Deloitte and EY reported their figures last month, showing annual growth of 14.9 per cent and 14.2 per cent, respectively.

Bob Moritz, PwC global chair, said the firm was in the middle of a period of investment that would pay off in future years, including a three-year hiring spree that will have added 100,000 people to the payroll by the middle of 2024.

It has also been affected by losing big audit clients as a result of mandatory auditor rotation outside the US, and has yet to boost consulting work for those clients to compensate, he said.

Line chart of Annual revenues ($bn) showing The Big Four compared: EY closes in on No 2 spot after PwC disposals

Like other Big Four firms, PwC’s business slowed in the most recent financial year, from revenue growth of 13.4 per cent in the previous 12 months. Clients have pulled back on consulting work amid economic uncertainty, and a drought of merger and acquisition activity has hit deal advisory work.

Revenues in the advisory business were $22.6bn, up 13 per cent but a sharp deceleration from a 23.5 per cent rise the previous year. Audit revenues increased by 8.9 per cent to $18.7bn, while the tax and legal services practice was up 12.5 per cent to $11.8bn.

PwC has been working to sell more through partnerships with technology companies such as Google and Microsoft — a critical growth driver at Deloitte — and the firm reported 40 per cent growth in revenue from such alliances, though it was from a low base.

“It’s not about top-line growth, it’s about sustainable growth, and it is going to be important to get the pay-off from that investment,” Moritz said.

Moritz is set to retire as global chair at the end of his second term next June.

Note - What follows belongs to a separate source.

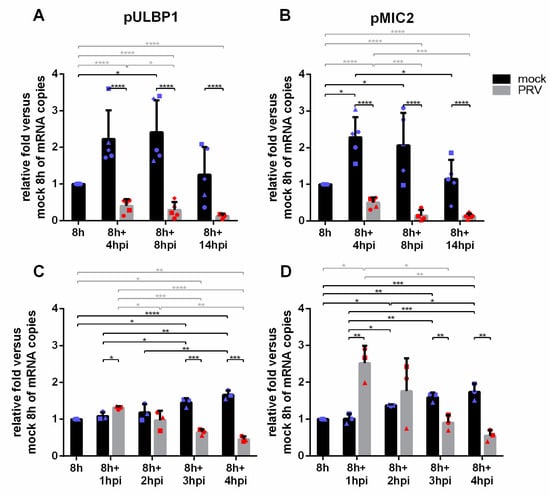 mRNA expression of pULBP1 and pMIC2 in SK cells upon mock or PRV infection. Gene expression of (A) pULBP1 and (B) pMIC2 were analyzed in mock-infected SK cells or PRV-Kaplan-infected SK cells at different time points as shown in the graph, and were normalized to gene expression in SK cells cultivated in suspension for 8 h. Graphs represent the mean and SD values of relative mRNA expression obtained from five (A,B) or three (C,D) independent repeats of the experiment, n = 5 or n = 3. Statistically significant differences are indicated with asterisks (* p < 0.05, ** p < 0.01, *** p < 0.001, **** p < 0.0001).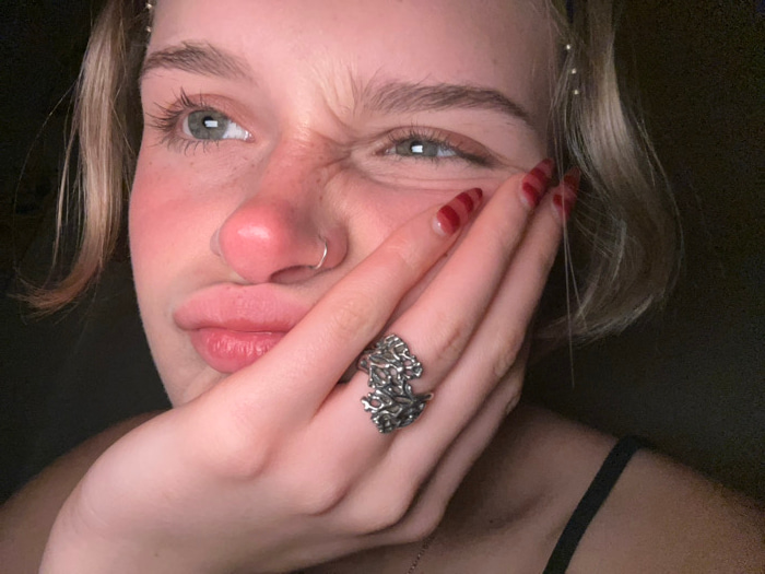 An inverted close-up captures a person's face partially obscured by their hand, adorned with a large, intricate silver ring. The individual has light skin, light-colored hair, and wears a nose ring. R…read more

The race to succeed him was thrown open earlier this month when Tim Ryan, his successor as head of PwC’s US business, decided to pull out of the running. A decision is expected around the end of the year.

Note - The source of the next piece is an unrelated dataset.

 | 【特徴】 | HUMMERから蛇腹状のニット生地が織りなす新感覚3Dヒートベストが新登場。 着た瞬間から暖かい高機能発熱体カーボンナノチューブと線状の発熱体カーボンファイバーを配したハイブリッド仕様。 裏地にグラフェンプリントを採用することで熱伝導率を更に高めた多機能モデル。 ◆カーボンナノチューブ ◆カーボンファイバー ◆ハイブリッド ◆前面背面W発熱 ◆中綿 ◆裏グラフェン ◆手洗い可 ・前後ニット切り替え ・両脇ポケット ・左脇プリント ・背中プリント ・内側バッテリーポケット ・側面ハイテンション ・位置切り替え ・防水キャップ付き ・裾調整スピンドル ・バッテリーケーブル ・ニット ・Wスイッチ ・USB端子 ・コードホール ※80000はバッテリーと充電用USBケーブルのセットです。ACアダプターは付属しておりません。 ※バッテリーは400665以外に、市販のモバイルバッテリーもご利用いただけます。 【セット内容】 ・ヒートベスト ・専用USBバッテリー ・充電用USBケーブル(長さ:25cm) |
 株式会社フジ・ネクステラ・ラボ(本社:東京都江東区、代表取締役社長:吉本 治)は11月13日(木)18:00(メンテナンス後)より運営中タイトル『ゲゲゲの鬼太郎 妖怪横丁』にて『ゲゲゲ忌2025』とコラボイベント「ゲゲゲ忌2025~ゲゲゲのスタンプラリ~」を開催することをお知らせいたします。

PwC does not report global profit figures, but Moritz said that margins had been squeezed by inflation, including increases in staff pay, and by investment in new areas such as artificial intelligence and the completion of 17 acquisitions. Capital for such investments has come from the sale of the mobility business last year and, before that, the disposal of its US government consulting business.

The pressure on profits is set to continue in the current financial year, he said, because of a tougher economic environment. Clients are taking longer to sign deals, and opting for piecemeal contracts rather than committing to long-term projects. “Everybody’s expecting more for less and people want more optionality,” he said.

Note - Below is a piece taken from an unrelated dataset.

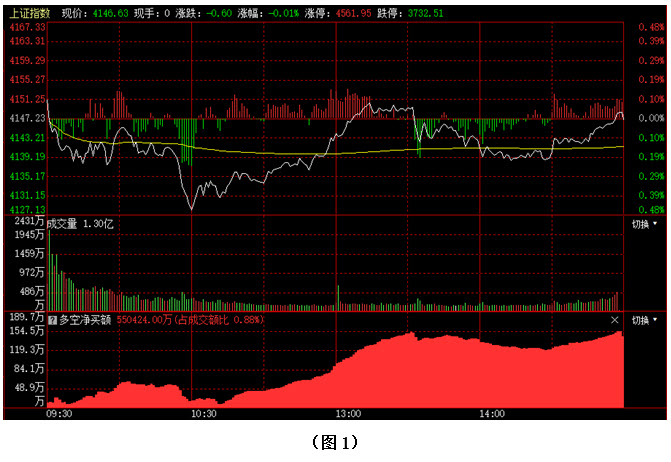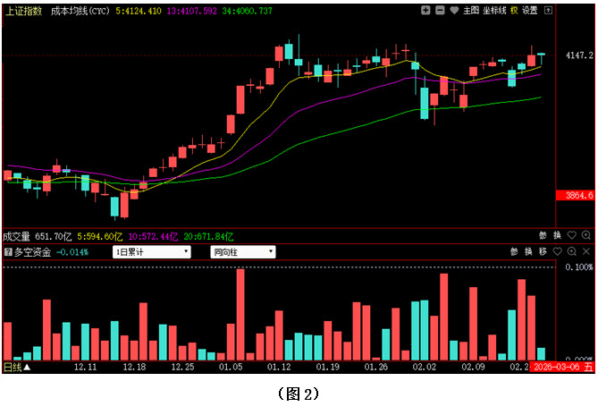 如图1所示,今日早间大盘小幅高开,但多方并未趁势上攻,指数逐步向下回探,盘中一度跌破4130点,好在市场并未持续杀跌,10点半后大盘开始逐渐回升,可惜在4150点上方压力依然较大,指数难以展开有力上攻,最终以以4146点收盘。从下方的多空资金来看,早间开盘后,多方就占据优势,盘中指数虽有回探动作,但资金始终保持流入状态,且进场的力度越来越强。可见今日尽管大盘没有进一步上攻,但资金仍在积极进场加仓,所以盘中出现的抛压就会被多方快速化解。在这种情况下,即便行情有所反复,投资者的做多热情自然也不会大幅下降,后市则有望在资金的推动下继续向上攀升。建议大家关注近期有资金连续大幅加仓的板块,并在其中优选个股,逢低逐步吸纳。

PwC is nonetheless continuing to expand its staff, which numbered 364,000 at the end of June. It said it would take the total to 400,000 by the end of the current financial year, hitting a target of 100,000 net new jobs globally two years early.

Moritz said the pace of hiring had been fastest in the Americas and Asia in the past year, but would shift to Europe as new climate regulations go into force, driving demand for audits of environmental data and consulting work for the companies affected.